I will re-use two of my earlier posts: The first post I am going to re-use was on implementing Kolmogorov-Smirnov test to test if two bags of real numbers differ in their distribution. The second post I am going to re-use was about calculating Hamming derivatives of two hash functions.
Let us start with our package description, and libraries I am going to need:
(mapc #'require '(:cffi :ironclad))
(CFFI IRONCLAD)
Next are the hash functions:
(let ((hasher (ironclad:make-digest :md5)))
(defun md5-digest (x)
(coerce (ironclad:digest-sequence hasher x) 'list)))
MD5-DIGEST
(let ((hasher (ironclad:make-digest :sha1)))
(defun sha1-digest (x)
(coerce (ironclad:digest-sequence hasher x) 'list)))
SHA1-DIGEST
(let ((hasher (ironclad:make-digest :adler32)))
(defun adler32-digest (x)
(coerce (ironclad:digest-sequence hasher x) 'list)))
ADLER32-DIGEST
I am using MD5, SHA-1 and ADLER-32.
I am going to need an implementation of the Hamming distance function
(defun hamming-distance (x y)
(labels ((calc (x y &optional (acc 0))
(cond
((< x y) (calc y x 0))
((zerop x) acc)
(t (calc (ash x -1)
(ash y -1)
(if (equal (oddp x) (oddp y))
acc
(1+ acc)))))))
(reduce #'+ (map 'list (lambda (i j) (calc i j)) x y))))
HAMMING-DISTANCE
Next, I am going to need an implementation for the KS-test. I will lift the code from my earlier post on KS-test as is:
(cffi:load-foreign-library
"/home/kaygun/src/lisp/kolmogorov-smirnov/ks.so")

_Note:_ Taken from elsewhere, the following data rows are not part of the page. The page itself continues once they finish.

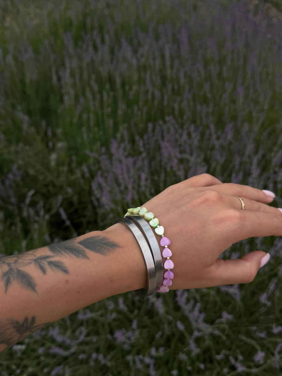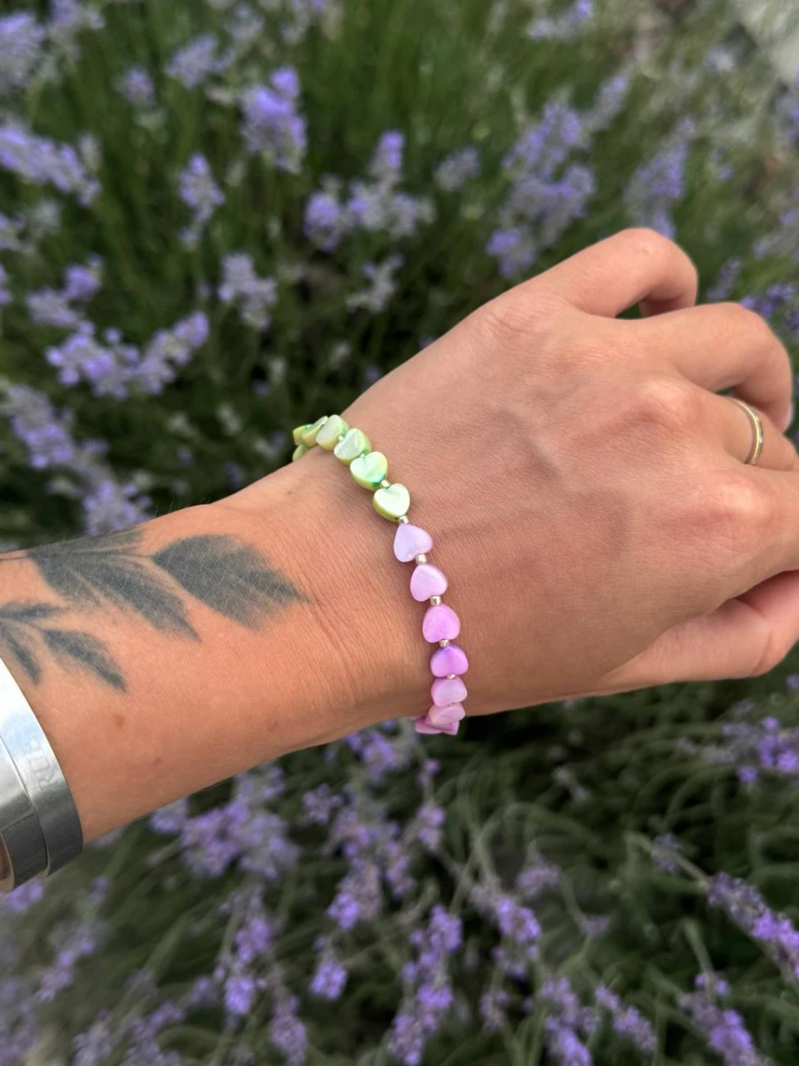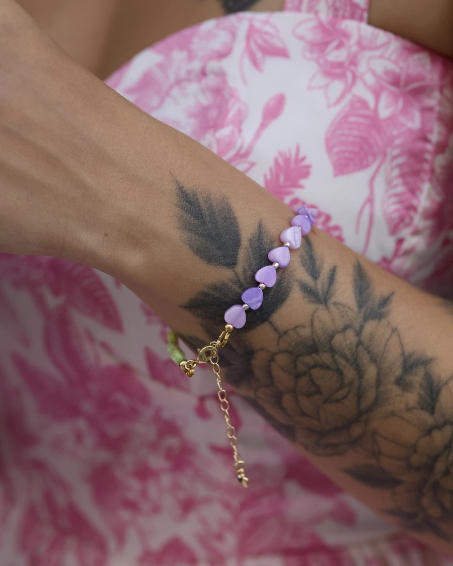 Браслет "Purple Matcha" — ніжна прикраса, що поєднує перламутрові серця, медсплав і покриття позолотою. Витончена застібка-карабін з подовжувачем 5 см дозволяє зручно регулювати довжину. Ідеальний акцент для романтичного образу.
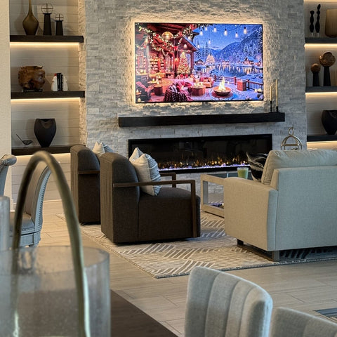 Browse festive Touchstone® electric fireplaces decked out for the holidays. Get holiday decorating ideas and inspiration from fellow Touchstone® customers and share yours. Submit a product review and easily include photos and videos. Or post them on Instagram and Facebook and tag @touchstonehomeproducts. Thank you for sharing!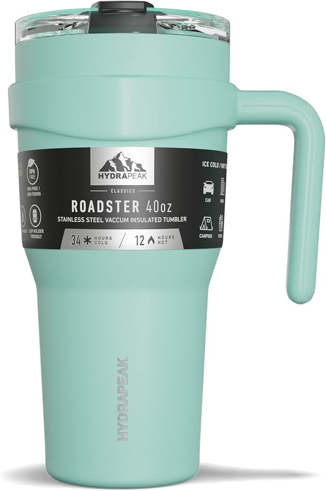 PREMIUM: This Hydrapeak Roadster Insulated Tumbler with Straw and handle is made of high quality 18/8 food grade stainless steel that makes it sturdier, more durable, and ensures the cup remains odor-free. This travel cup with handle was made to take everywhere.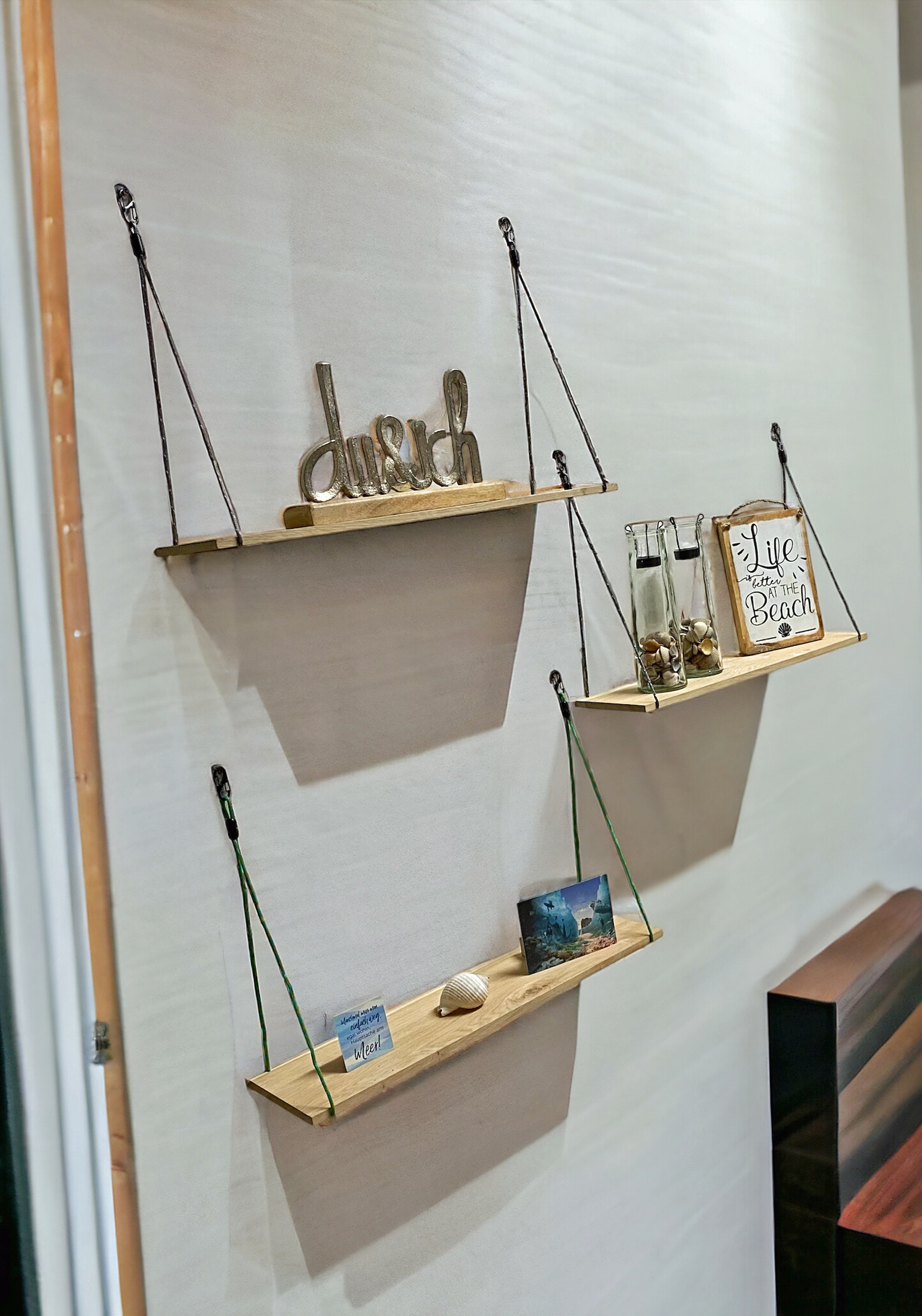 Bild 3:Zirkulär nachhaltig sind unter anderem diese Wandregale aus Restholz und Recycling-Material. Foto: DGM/Möbelfabrik Werner Knake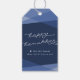 Dress up your Hanukkah gifts with these elegant, modern tags in rich navy blue. Overlapping geometric shapes in gradient shades of blue provide the perfect backdrop for "Happy Hanukkah" in modern white handwritten style typography and two lines of your custom text.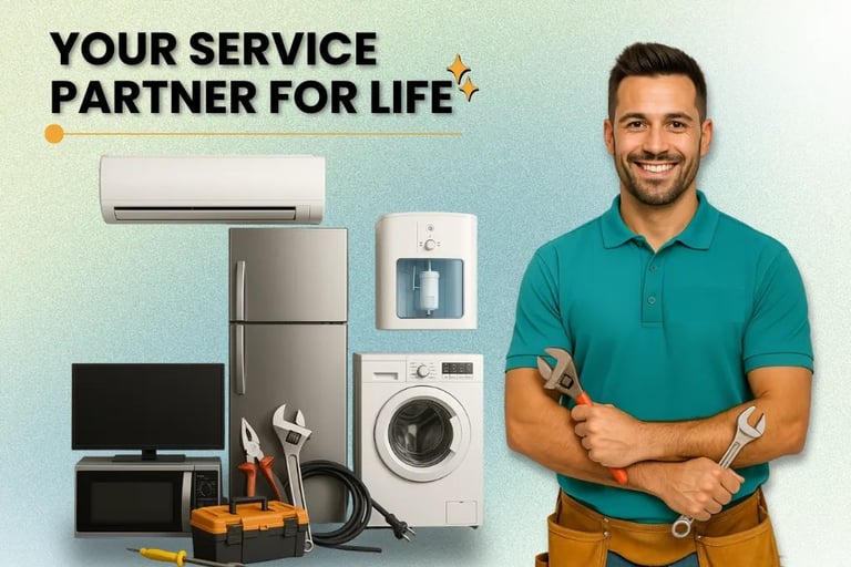Experience top-notch repair services for your AC, fridge,washing machine, Ro water purifier, geyser & chimney right at your location. We ensures fast, reliable, and affordable solutions for all your appliance needs.

#<FOREIGN-LIBRARY KS.SO-705 "ks.so">
(cffi:defcfun ("KScdf" ks) :double (n :int) (x :double))
KS
(defun cdf (xs)
(let ((n (1- (length xs))))
(lambda (x)
(labels ((fn (a b)
(let ((m (truncate (/ (+ b a) 2))))
(cond
((or (<= x (elt xs a))
(<= (- b a) 1))
(/ a n 1.0d0))
((>= x (elt xs b))
(/ b n 1.0d0))
((> (elt xs m) x) (fn a m))
(t (fn m b))))))
(fn 0 n)))))
CDF
(defun ks-test (xs ys)
(multiple-value-bind (as bs)
(if (>= (length xs) (length ys))
(values xs ys)
(values ys xs))
(let* ((n (1- (length bs)))
(fn (cdf (sort as #'<)))
(cs (sort bs #'<))
(d (loop for i from 0 below (length cs) maximize
(abs (- (funcall fn (elt cs i))
(/ i n 1d0))))))
(cons d (- 1.0d0 (ks n d))))))
KS-TEST
The first part requires us to generate a random collection of hash digests:
(defun random-bag (num hash-fn hash-size)
(let ((size (truncate (/ hash-size 8))))
(labels ((random-vector ()
(coerce (loop repeat size collect (random 256))

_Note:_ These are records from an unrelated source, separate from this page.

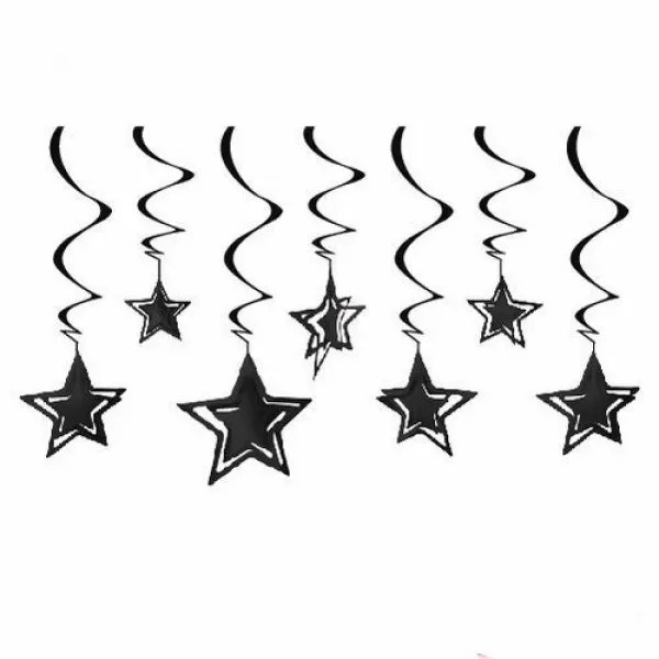 3D Yıldız Asmalı Tavan Süsü Siyah 10 Adet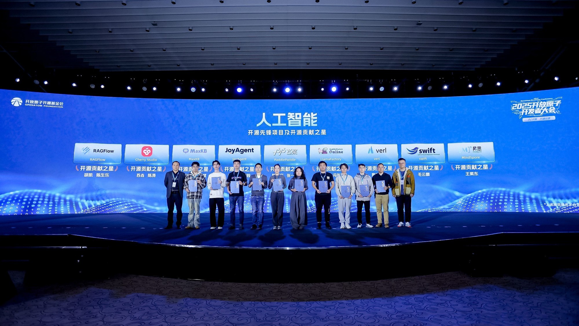 活跃的开源项目是开源生态核心驱动力,而开发者们则是推动项目持续发展的关键所在。大会举行了“中国开源创新力量致谢仪式”,向操作系统、数据库、人工智能三大技术领域28个开源先锋项目中作出卓越贡献的47位开发者致谢。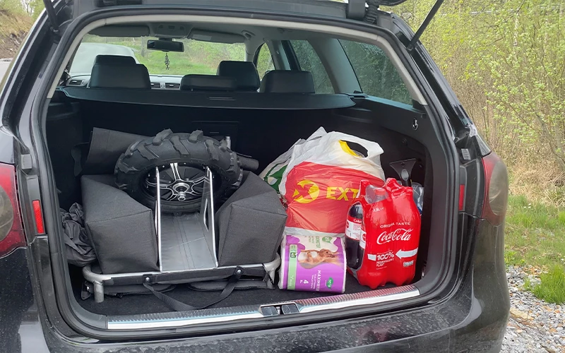 Kan enklet flatpakkes for transport i bil.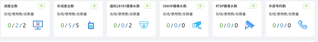 目前由于我未添加设备,关于调度台数,非调度台数,摄像头数这些在线数都为0。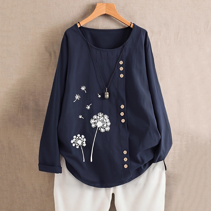 Women's Blouse Floral Vintage Long Sleeve Crew Neck Regular Tops Daily Holiday Going out Buttons Print Navy Blue Summer Spring Fall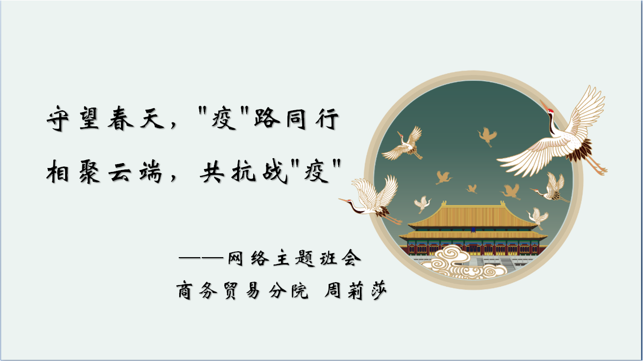 2020年2月25日晚上18:30-21:00,商务贸易分院辅导员周莉莎老师利用“腾讯会议”直播平台,组织19电商C班的同学们召开了主题为“守望春天,‘疫’路同行,相聚云端,共抗战‘疫’”的网络主题班会。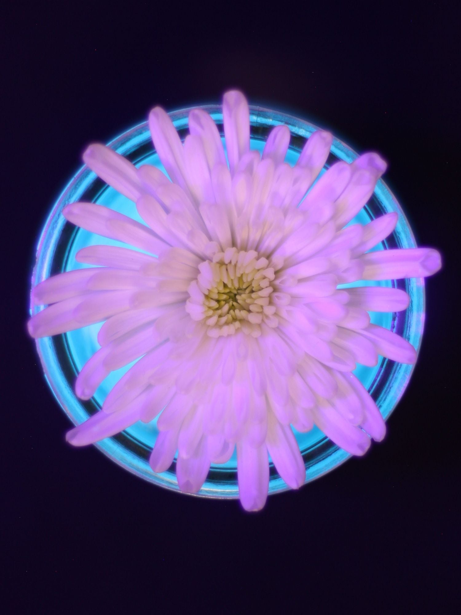 A playful photographic image of a daisy. In this image the photographer took the photo of the flower in a glass container with special fluid (tonic water) that was illuminated with a UV light from above to get this special image.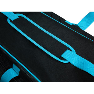 Etui posiada z boku bardzo praktyczną kieszeń wykonaną z wodoodpornego materiału, w której zmieścisz różnego rodzaju sprzęt wędkarski o mniejszych gabarytach lub dokumenty i telefon komórkowy. Transport ułatwiają również uchwyty oraz pasek na ramię z wyściółką.

'(vector (unsigned-byte 8)))))
(loop repeat num collect
(funcall hash-fn (random-vector))))))
RANDOM-BAG
The main part of our code is as follows:
(defun experiment (xs num size)
(let ((n (length xs)))
(loop repeat num collect
(/ (hamming-distance (elt xs (random n)) (elt xs (random n)))
size 1.0))))
EXPERIMENT
From a given bag xs
we pick two random vector, calculate
their hamming distance and then convert the distance to the percentage
of different bits by dividing the distance to size
. We
repeat this for a given number num
times.
OK. We are ready:
(let ((md5-bag (random-bag 40000 #'md5-digest 128))
(sha1-bag (random-bag 40000 #'sha1-digest 160))
(adler32-bag (random-bag 40000 #'adler32-digest 32)))
(list (ks-test (experiment md5-bag 1000 128)
(experiment sha1-bag 1000 160))
(ks-test (experiment md5-bag 1000 128)
(experiment adler32-bag 1000 32))
(ks-test (experiment sha1-bag 1000 160)
(experiment adler32-bag 1000 32))))
((0.08708708708708712d0 . 4.842864418375115d-7)
(0.23023023023023026d0 . 0.0d0) (0.25225225225225223d0 . 0.0d0))
There seems to be statistically significant differences between hash
function outputs. The KS-distance between MD5 and SHA1 is very small.
However, the KS-distances between ADLER-32 outputs from the other two
are significantly larger. So, the answer to my original question is: we
may distinguish hash functions by looking at their outputs only. I’ll
come back to this soon.